Royal Dornoch unveils revised seventh hole

  • Dornoch
    Royal Dornoch and Matthew Harris

    Royal Dornoch in Scotland has unveiled its new seventh hole

  • Dornoch
    Royal Dornoch and Matthew Harris

    The hole now plays to the right of the previous fairway, and the green has been rebuilt in a new location

  • Dornoch
    Royal Dornoch and Matthew Harris

    There sea is now visible throughout the hole, with a new vista behind the green

Richard Humphreys
By Richard Humphreys

Royal Dornoch Golf Club in Scotland has unveiled its new seventh hole and is now preparing to build new tees for the eighth. The changes were proposed by Mackenzie & Ebert.

 

The seventh hole has been pivoted to the right so that the sea is in view for the entire hole, and a new green – a replica of the previous one – has been built. New tees for the eighth hole will be built on the location of the previous seventh green.

 

The work was first proposed after a course review in 2013 and approved by the club in 2015. “I very nearly did not include this concept because it felt almost inconceivable that the members would agree to alter the hole,” said Tom Mackenzie. “It was resoundingly approved – lesson learnt.”

 

“The view from the seventh tee is one of the most famous in the world of golf. Is there a first-time visitor to Dornoch who has not taken that photo down over the course?
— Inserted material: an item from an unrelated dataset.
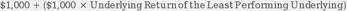 每1000美元本金的票据,1000美元。如果每个标的在相应观察日的观察值大于或等于其息票障碍,则提前赎回金额还将包括适用的或有息票支付。 |
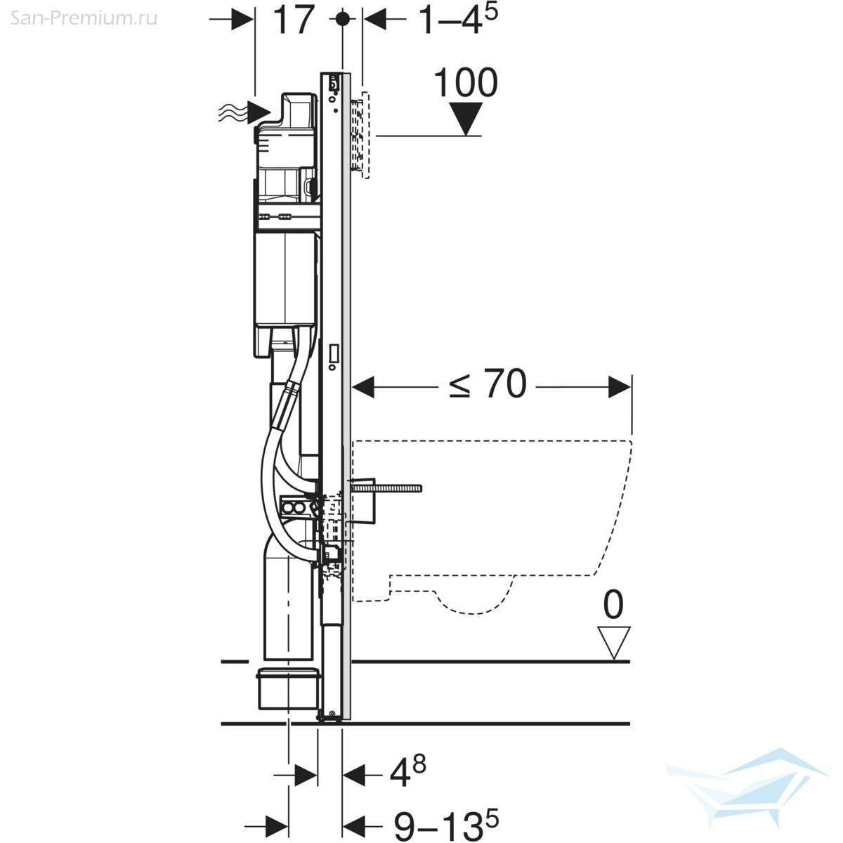 - Не подходит для противопожарного комплекта для монтажного элемента для подвесного унитаза Geberit Duofix или противопожарных заслонок для колена смыва и соединительного колена

It seemed frustrating that once down off the tee, the sea disappeared until the green on the highest part of the course. There was plenty of room to the right, so logically, it made sense to rotate the hole that way so that the entire hole enjoyed the same view with a new sea vista behind the green.

 

“The added advantage was that it freed space to restore the eighth, which had been overwhelmed by new clubs and balls. Thirty-seven years ago, when I first moved to Dornoch, even the best players chose whether or not to drive down the scarp. Many opted to stay on the upper level to benefit from a much better view and line to the green. Today, virtually every player drives down to the bottom. The removal of the old seventh green allows the hole to be extended and the tee shot realigned so that the drive is almost parallel to the top of the slope.”

 

The old seventh green was added to the course in 1946 when the course was extended. Mackenzie describes the green and its approach as “rich in options for playing running shots”. Holes six to eleven were also added to the routing that year.

 

Part of the ‘sell’ to the members for our renovation was that we would replicate the green in the new hole,” said Mackenzie. “The sharper players should notice that. They may also notice that, although the hole looks intimidating, the playing corridor is the same width as the original one. At the green, the slope is further away than the gorse bushes that sat to the right of the old green.

 

“The obvious bonus is the glorious views that feature along the entire length of the hole which are as good as the famous view from the tee. It adds to the Dornoch experience.

 

“Once built, the revised eighth will be significantly better too, but that has yet to be unveiled. In some respects, the restoration of the eighth is just as important for the course.”

 

The new seventh hole is now fully open, with the eighth tees to be built this winter.

 

“Bizarrely, the project has benefited from the Covid situation because the seeded grass has had a period of lockdown rest and, although back in play now, levels of play are reduced, allowing the turf to establish fully,” said Mackenzie.